Repasa el ejemplo de Cristo, desde la cuna de Belén hasta el trono del Calvario.
Considera su abnegación, sus privaciones: hambre, sed, fatiga, calor, sueño, malos tratos,
incomprensiones, lágrimas...; y su alegría de salvar a la humanidad entera. Me gustaría que
ahora grabaras hondamente en tu cabeza y en tu corazón —para que lo medites muchas
veces, y lo traduzcas en consecuencias prácticas— aquel resumen de San Pablo, cuando
invitaba a los de Éfeso a seguir sin titubeos los pasos del Señor: sed imitadores de Dios, ya
que sois sus hijos muy queridos, y proceded con amor, a ejemplo de lo que Cristo nos amó y
se ofreció a sí mismo a Dios en oblación y hostia de olor suavísimo (Ef 5, 1-2).
Jesús se entregó a Sí mismo, hecho holocausto por amor.
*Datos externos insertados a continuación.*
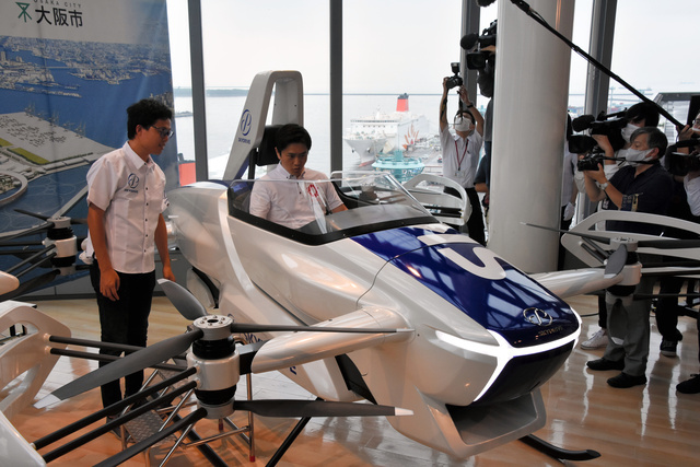 去年9月,大阪府知事吉村洋文試乘“空中汽車”。(圖片來源:《朝日新聞》)

Y tú, discípulo de Cristo; tú,
hijo predilecto de Dios; tú, que has sido comprado a precio de Cruz; tú también debes estar
dispuesto a negarte a ti mismo (Amigos de Dios, nn. 128-129).
La sal de la tierra
En el Sermón de la Montaña, después de las bienaventuranzas, Jesús compara a los
creyentes con la sal de la tierra y la luz del mundo. Comentando estas palabras, san Juan
Crisóstomo resaltaba la relación entre los dos pasajes: «el que es manso, modesto,
misericordioso y justo, no encierra para sí solo estas virtudes, sino que hace que estas bellas
fuentes se derramen también copiosamente para provecho de los demás. Del mismo modo,
el limpio de corazón y el pacífico, y el que es perseguido por causa de la verdad, para común
utilidad dispone también su vida» (San Juan Crisóstomo, In Matthaeum homiliae, 15, 7).
Quien sigue a Cristo, encuentra la felicidad; y de modo natural, procura difundirla: el
Maestro pasa, una y otra vez, muy cerca de nosotros. Nos mira... Y si le miras, si le
escuchas, si no le rechazas, Él te enseñará cómo dar sentido sobrenatural a todas tus
acciones... Y entonces tú también sembrarás, donde te encuentres, consuelo y paz y alegría
(Via Crucis, VIII estación, punto 4).